The Monks had proven to be less than immortal; a few years after
the Plague most of them were rusting hulks. But with proper maintenance, I supposed one could be made usable again. And I’d had the pleasure of being beaten to a pulp by Monks. The idea of Orel, the greatest killer in history, in one of those things was fucking horrifying.
“Why,” Belling said, his voice flat and cold. “The idiot asks why. Avery, you are a stupid brute of a man. A blunt instrument. Your continued survival is mysterious on so many levels…. He swallowed. “Why, Avery: Because Michaleen is getting old. Was getting old.” He smiled, his eyes dancing, distant. “Death comes to us all, Avery. Even you, you fucking roach, eventually. These last few years Michaleen could feel it creeping up on him, and it became a little project of his to stop it.” He sighed. “Now he has.”
I stepped closer to the bed and pulled the plastic chair away from the wall, spun it around, and sat down with its cracked back against my chest, my arms hanging over, the gun pointed at the floor. “Wallace,” I said slowly, trying to sort through it all.
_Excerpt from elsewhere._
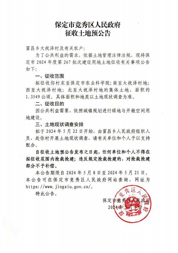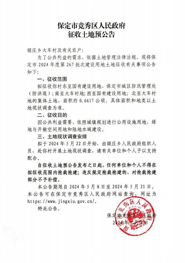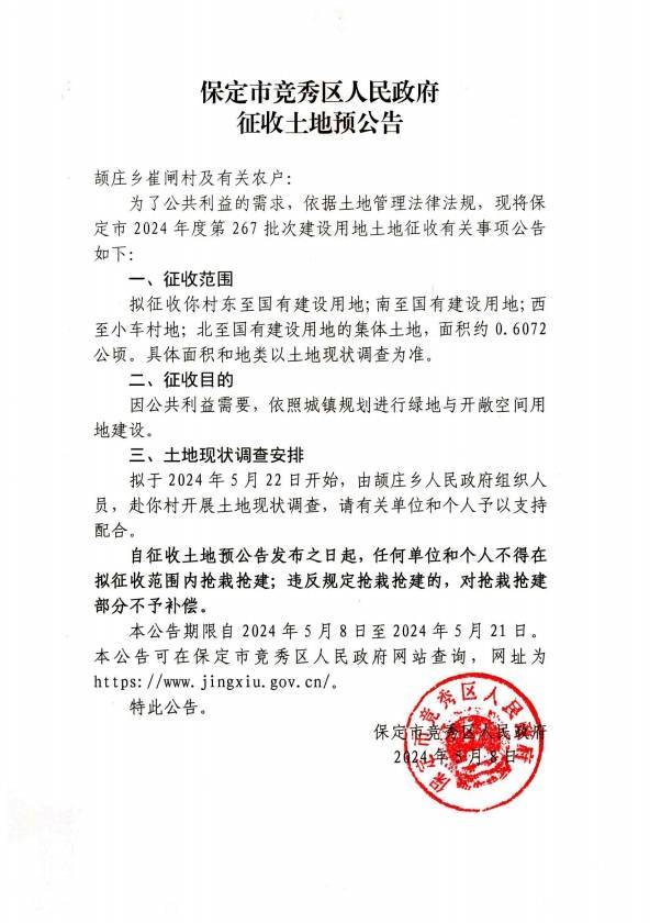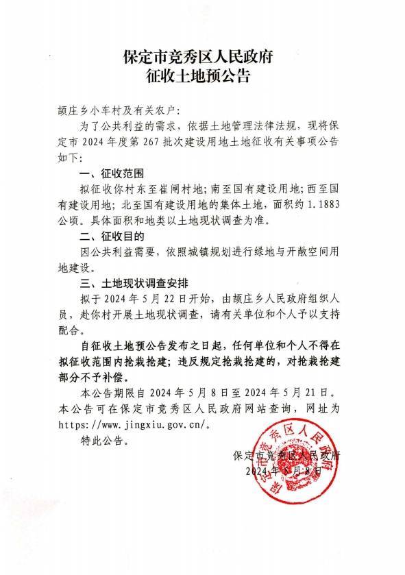 2024年5月8日,保定市莲竞秀区政府公布最新征地公告。此次征收土地公告涉及区域有颉庄乡大车村、小车村、崔闸村和富昌乡大祝泽村。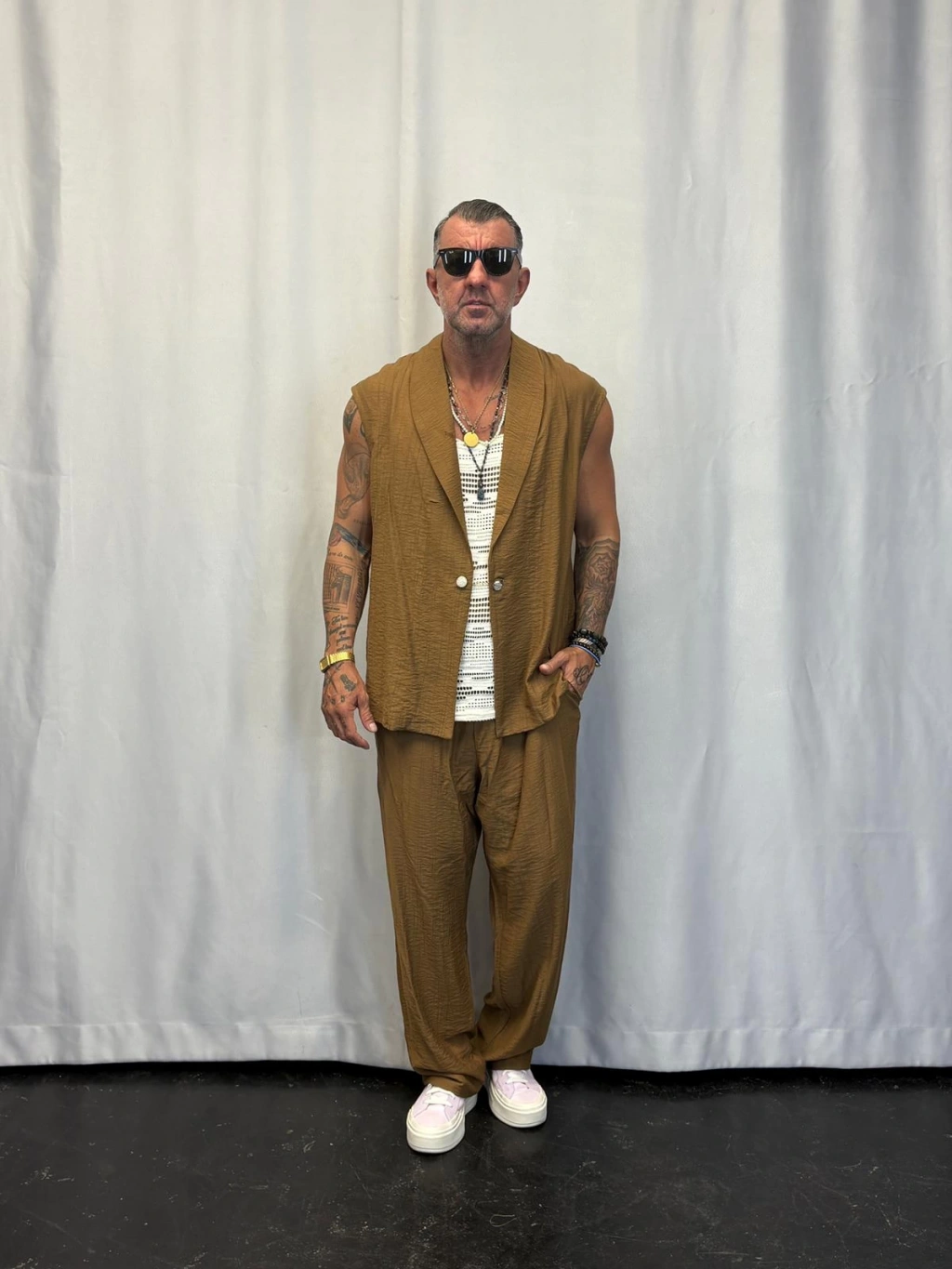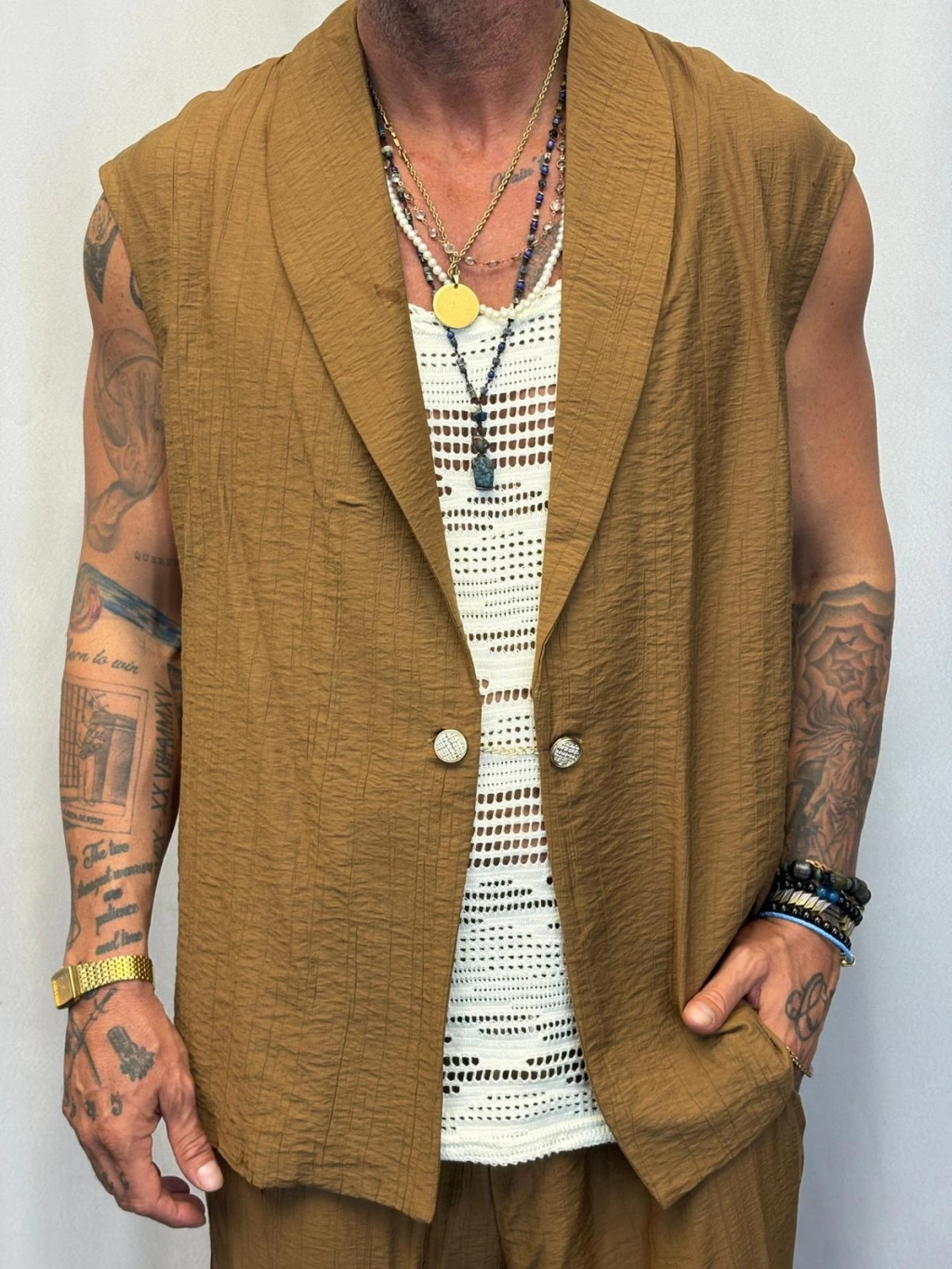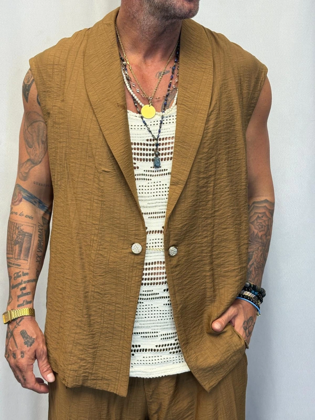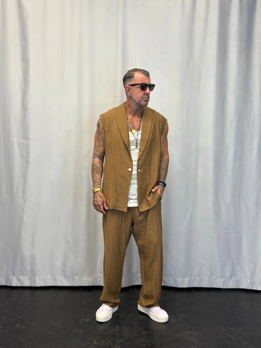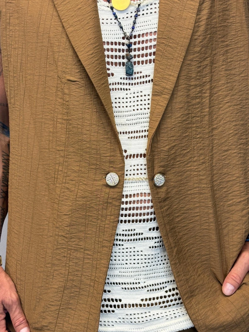 İpek Desenli Düğme Detaylı Takım Kahverengi

None of my scenarios for murdering Belling had involved a fucking mercy killing. “Where is Michaleen?”
Michaleen Garda, Cainnic Orel—the same man. I’d wondered, sometimes, which one of his names was really his, but it didn’t matter. Short little man, looked old and fat, but quick, like a dancer, and stronger than he looked. And he’d been three steps ahead of me ever since I’d decided to kill him.
I looked up as a wheezing, sawing sound filled the air. Belling was laughing at me, his corpselike body hunched up and shivering with mirth.
“Oh, goodness, Avery, I do apologize,” he said, sucking in breaths that looked painful. “You’re not planning to go after Mickey? Oh, my dear boy—you were no match for him years ago, when you were thirty years younger than him and he wasn’t a demigod in silicone and Kevlar.” He looked at me, his dried yellow eyes like smoldering coals, sick and hot. “You’re no match for him, Mr. Cates. He’s been fucking with you for so long, and you know only the half of it.”